Migration from Flask to FastAPI
Currently, we use Flask for our API (code). We have been considering a potential migration to FastAPI due to its benefits over Flask (detailed below), which would also be a chance to refactor our API (and maybe also DB) code. This research aims to evaluate these benefits and outline the key aspects of a possible migration.
FastAPI
Advantages
- automatic documentation: OpenAPI, Swagger
- data validation, type hints: Python’s type annotations and Pydantic for data validation
- built-in support for dependency injection, which is useful for managing database sessions, authentication, and configuration
- websocket and background task support - can be helpful for real-time updates or long-running processes (for usages stats?)

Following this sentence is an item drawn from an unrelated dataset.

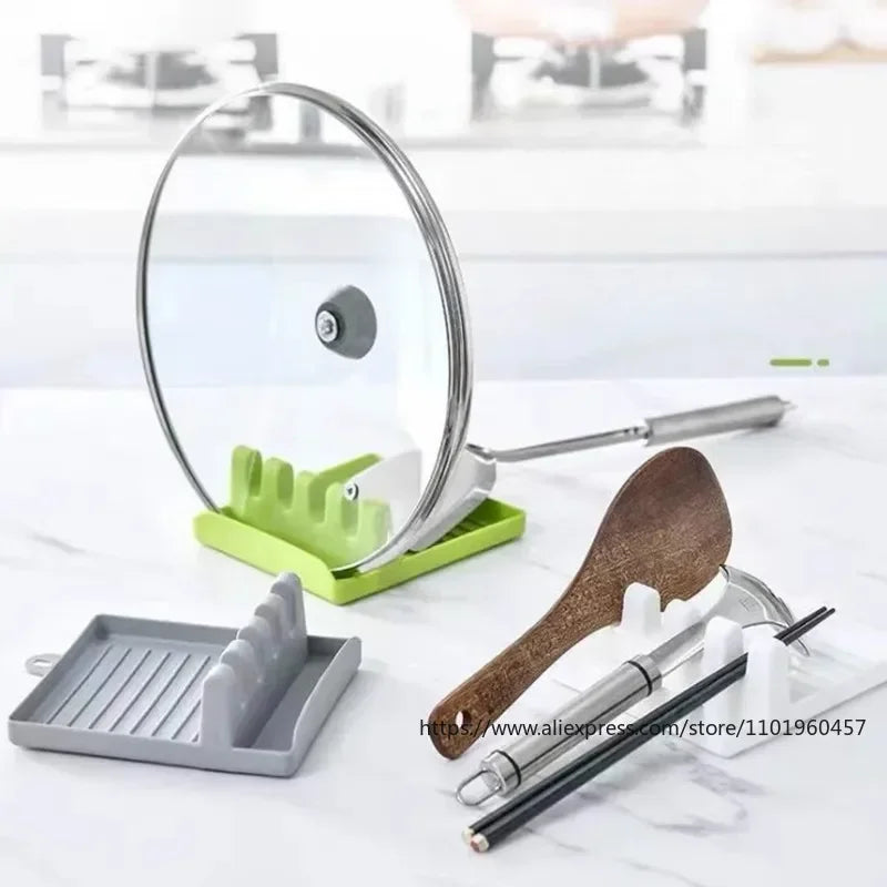 Simple Plastic Multi-functional Household Kitchen Spoon Rests Holder Pot Clips Organizer Rack Non-slip Pad for Spatula Pot Lids

- good ecosystem, community
- async support
- performance
- filtering, searching, pagination should be more easier to do
Disadvantages (from our architecture discussion)

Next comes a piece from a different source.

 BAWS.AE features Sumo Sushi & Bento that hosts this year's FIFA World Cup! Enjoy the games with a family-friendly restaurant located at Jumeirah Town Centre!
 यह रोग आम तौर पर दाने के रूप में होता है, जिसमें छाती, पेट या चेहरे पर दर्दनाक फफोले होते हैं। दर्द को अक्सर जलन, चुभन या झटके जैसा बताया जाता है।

- frequent updates, maintenance overhead
- Pydantic v2 Rust dependency: Pydantic v2 requires a Rust toolchain, which can be difficult to manage on LTS-based distributions. Since we use Fedora-based images in OpenShift and can also pin dependencies, this is unlikely to be a major blocker.
Considerations
- migration cost: refactoring, creating the models for documentation, rewriting of endpoints
- benefits:
- we could get rid of non-used endpoints
- we could refactor/improve the functionality
- documentation of endpoints => easier dashboard development
- alternatives:
- Sanic, Tornado, Falcon - lacking the functionalities such as validation, autodocumentation
- Django - too heavy
- none offer significant advantages over FastAPI/Flask
Migration requirements
Rewriting endpoints
- convert Flask routes to FastAPI - replace Flask routes (
@app.route
) with FastAPI routes (@app.get()
). - update request parsing, query params
- response handling
- Pydantic models are recommended for response validation (raw dictionary responses can be returned also)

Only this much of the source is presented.